Communiqué du « groupe des 39 contre la nuit sécuritaire »

Retour au sommaire - BIPP n° 58 - Janvier 2011
La décision du Conseil constitutionnel :
Une avancée ? Une perversion supplémentaire ?

 

Pour « les 39 contre la nuit sécuritaire », l’arrêté du Conseil Constitutionnel préservant les droits des patients hospitalisés sous contrainte pourrait apparaître comme une avancée démocratique. Cependant nous restons tout à fait circonspects sur les effets de l’apparition d’un juge après 15 jours d’hospitallisation : Juge d’application des soins ? Du « contrôle » de l’activité des équipes de soins ? Du bien-fondé de telle technique ?

Aussi tout en prenant acte de cette décision, nous souhaitons affirmer que ce n’est pas la loi de 1990 qui entraine les effets délétères que nous constatons en psychiatrie depuis une vingtaine d’années, ni d’ailleurs l’existence de droits bafoués entrainant des internements arbitraires.

Le Conseil Constitutionnel oblige le gouvernement à se mettre en conformité avec cet arrêté avant la fin de l’été.

Nous craignons que cela ne lui serve de point d’appui ou de prétexte pour modifier la loi de 1990 en faisant voter le projet de loi sécuritaire qui, après notre énergique combat du printemps dernier, dormait dans les tiroirs ministériels…

La colonne vertébrale de ce projet était la possibilité – après une garde à vue psychiatrique de 72 heures – d’un recours massif aux soins obligatoires en ambulatoire : projet régressif, inefficace du point de vue des soins et notamment pour les patients qui refuseraient de s’engager dans les soins, dangereux du point de vue des libertés fondamentales.

Au sein de ce projet le recours à la contrainte ou à l’internement serait banalisé alors que nous pensons qu’il doit demeurer l’exception.

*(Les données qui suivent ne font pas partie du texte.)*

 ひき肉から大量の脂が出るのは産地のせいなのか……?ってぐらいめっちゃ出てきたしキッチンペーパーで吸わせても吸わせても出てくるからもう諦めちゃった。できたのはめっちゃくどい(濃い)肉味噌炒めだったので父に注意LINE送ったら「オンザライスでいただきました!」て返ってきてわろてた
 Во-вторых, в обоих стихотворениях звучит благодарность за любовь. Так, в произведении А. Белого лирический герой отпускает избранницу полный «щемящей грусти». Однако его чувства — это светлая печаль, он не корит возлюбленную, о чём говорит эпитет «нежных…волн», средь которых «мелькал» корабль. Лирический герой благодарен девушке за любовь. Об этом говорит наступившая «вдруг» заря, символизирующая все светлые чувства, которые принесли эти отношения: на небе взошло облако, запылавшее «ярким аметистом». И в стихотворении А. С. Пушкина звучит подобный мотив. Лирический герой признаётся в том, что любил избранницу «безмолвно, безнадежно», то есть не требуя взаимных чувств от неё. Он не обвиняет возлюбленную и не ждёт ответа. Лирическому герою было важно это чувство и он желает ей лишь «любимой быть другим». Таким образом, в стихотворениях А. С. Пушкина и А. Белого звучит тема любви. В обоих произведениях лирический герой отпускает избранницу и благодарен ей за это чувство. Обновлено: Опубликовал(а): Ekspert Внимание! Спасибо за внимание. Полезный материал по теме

Depuis 2 ans, nous avons, avec d’autres, constitué un large front d’opposition à cette conception sécuritaire de la psychiatrie.

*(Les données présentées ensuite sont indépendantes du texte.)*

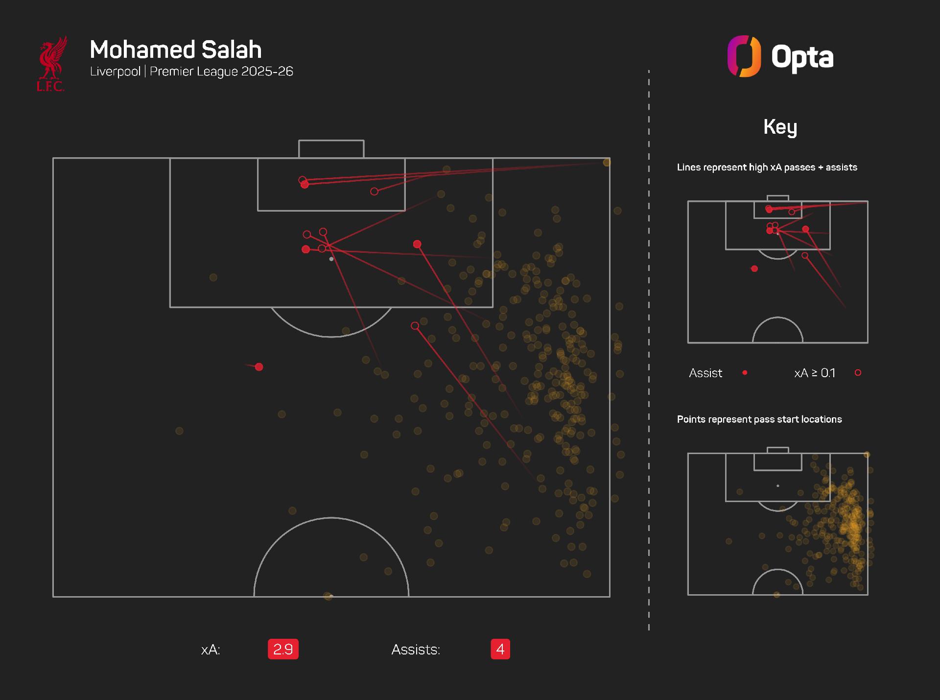 The Egyptian has four assists to his name in the league this term, more than any other Liverpool player, despite having the fourth-most expected assists (2.9 xA) and the third-most chances created (35).
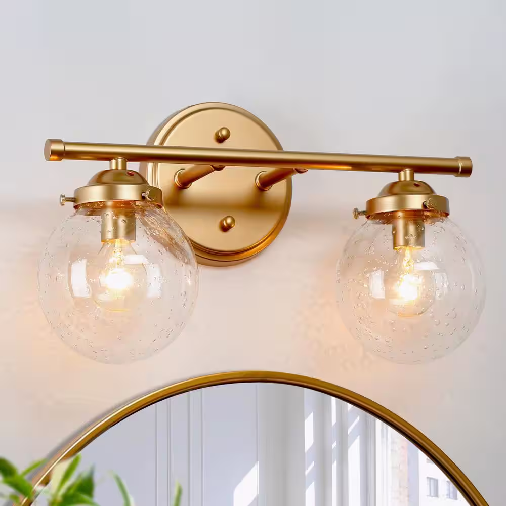 Uolfin Modern Globe Bathroom Vanity Light 2-Light Gold Round Bedroom Wall Sconce Light with Seeded Glass Shades

En fonction de ce contexte de délabrement des soins l’introduction du juge pourrait, paradoxalement, avoir des effets pervers : la logique du contrôle social et de la surveillance de populations se substituerait à la fonction soignante de la psychiatrie.

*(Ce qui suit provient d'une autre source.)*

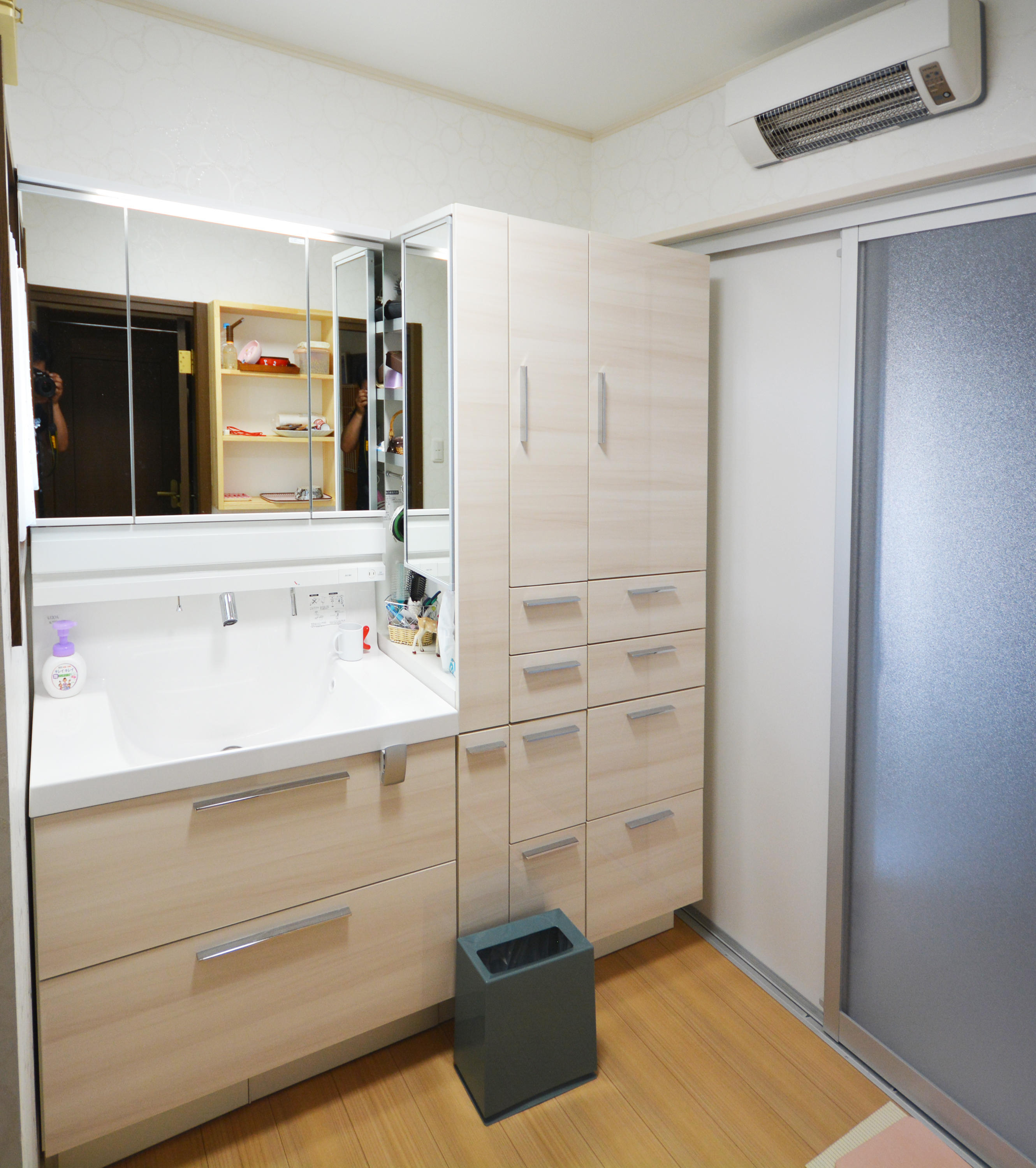 洗面室はヘアケア製品や基礎化粧品など、小物であふれがち…タオル類はもちろん、できれば着替えや部屋着も収納できるスペースがあればとても便利です。O様邸はそれらを実現され、さらにヒートショック防止のため、脱衣室暖房も備えた、安全で使いやすい洗面室となりました。

Nous ne pouvons pas ignorer en effet l’évolution biopolitique de l’Etat, avec la construction de dispositifs de contrôle et de formatage des pratiques qui s’infiltrent de plus en plus en plus au plus intime de la conception du soin mais aussi du sujet en souffrance. Ces dispositifs qui imbriquent les pouvoirs et discours autrefois séparés produisent un nouveau régime de la loi qui désormais vient de plus en plus dire la norme.

La fonction soignante était déjà largement entamée depuis des années par des attaques concomitantes : suppression des formations spécifiques des soignants (infirmiers, psychiatres, maintenant psychologues) – suppression massive de lits sans développement de structures alternatives au nom de contraintes économiques – généralisation de techniques de soin qui considèrent que l’objet de la psychiatrie ne serait plus de soigner un sujet en souffrance, mais de traiter une maladie, des symptômes…

Toutes choses déjà dénoncées en leur temps lors des Etat Généraux de la Psychiatrie en 2003 et qui n’ont fait depuis que s’aggraver.

Pour « les 39 contre la nuit sécuritaire », la principale atteinte aux libertés fondamentales dans notre pays est celle de la diminution drastique de l’accès à des soins de qualité pour tous.Seule une transformation radicale des moyens, de la formation et de la conception de la folie peut permettre aux patients de retrouver leur dignité et leur droit fondamentaux aux soins.

Nous appelons à poursuivre le rassemblement le plus large pour enrayer la dérive sécuritaire de la psychiatrie et la resituer dans sa mission soignante au service du sujet en souffrance psychique.